STW Oschersleben 1999: Startcrash Kris Nissen
Das nächste Rennen auf dem Nürburgring wurde für Opel zum Desaster. Alzen schied in beiden Läufen aus, auch Reuter erlitt einen spektakulären Motorschaden am sonst so bravourösen Spiess-Aggregat. Abt hamsterte als Dritter und Zweiter wichtige Punkte. Auf der Audi-Schreckensstrecke Salzburgring verlor er dann erwartungsgemäß den Vorsprung wieder.
Der Titelkampf eskaliert
Die Eskalation zwischen Opel und Abt-Audi nahm dann am vorletzten Rennwochenende, dem zweiten Gastspiel in Oschersleben, ihren Lauf. Das Deutschland-Debüt eines jungen Schweden namens Mattias Ekström war eher eine Randnotiz, im Mittelpunkt stand Kris Nissen.
Der schob Uwe Alzen im Sprint an. Wieder einmal schlug das immense Einlenkverhalten des Abt-Audi A4 zu, das in dieser Saison schon mehrfach für solche Szenen gesorgt hatte. Nissen boxte Alzen weg, der dann die Box ansteuern musste. Er schlug wütend auf das Dach des Opel Vectra ein und kam nur als 18. ins Ziel.
Beim Start zum Hauptrennen zog Manuel Reuter vor dem mit Allradantrieb besser gestarteten Kris Nissen leicht nach rechts, woraufhin Nissen ebenfalls nach rechts zog - direkt in die Linie von Tom Kristensens Honda. Es folgte ein Vierfachüberschlag des Audis in der Auslaufzone. Es wäre unangemessen, Reuter einen Vorwurf zu machen, aber in der angespannten Situation heizte dies die Eskalationsspirale weiter an.

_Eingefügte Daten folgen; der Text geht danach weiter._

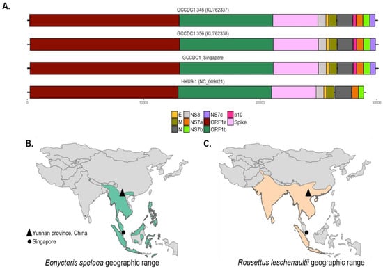 RoBat-CoV GCCDC1 Singapore is genetically similar to the strain detected in China and its host is found in a wide geographic range. (A) The distribution of orthoreovirus p10 gene across three strains of RoBat-CoV GCCDC1—346, 356 and Singapore—as well as a putative parental relative, RoBat-CoV HKU9-1. Note the presence of the p10 gene insertion (dark pink) and accessory gene NS7c (purple) only in the RoBat-CoV GCCDC1 strains. The geographic distribution of (B) E. spelaea and (C) R. leschenaultii across Southeast Asia, respectively [36].

Eskalation in Hockenheim: Abt vs. Pleuger vs. Alzen
Diese drehte sich nun immer schneller. Vorletzte Station: Hockenheim. Während Abt und Alzen ihren Zweikampf mit harten, aber fairen Mitteln austrugen und Kris Nissen seinem ersten Sieg entgegenfuhr, räumte der überrundete Opel-Privatier Olaf Pleuger Abt von der Strecke. Doch die Ironie des Schicksals will es, dass ausgerechnet der hinter ihm fahrende Alzen in Abts Audi rast - beide scheiden aus.
Doch damit nicht genug. Ab dem Ende des Sprintrennens gilt Parc Ferme. Die Abt-Mannschaft soll zu diesem Zeitpunkt noch am Auto von Christian Abt geschraubt haben - Protest von Holzer! Laut einer Pressemitteilung von Abt wurde der Protest zwar zurückgezogen, aber Abt wurde dennoch vom Hauptrennen ausgeschlossen.
Ohne diesen Wertungsausschluss wäre es nie zum packenden Finale auf dem Nürburgring gekommen. Der Rest ist Geschichte.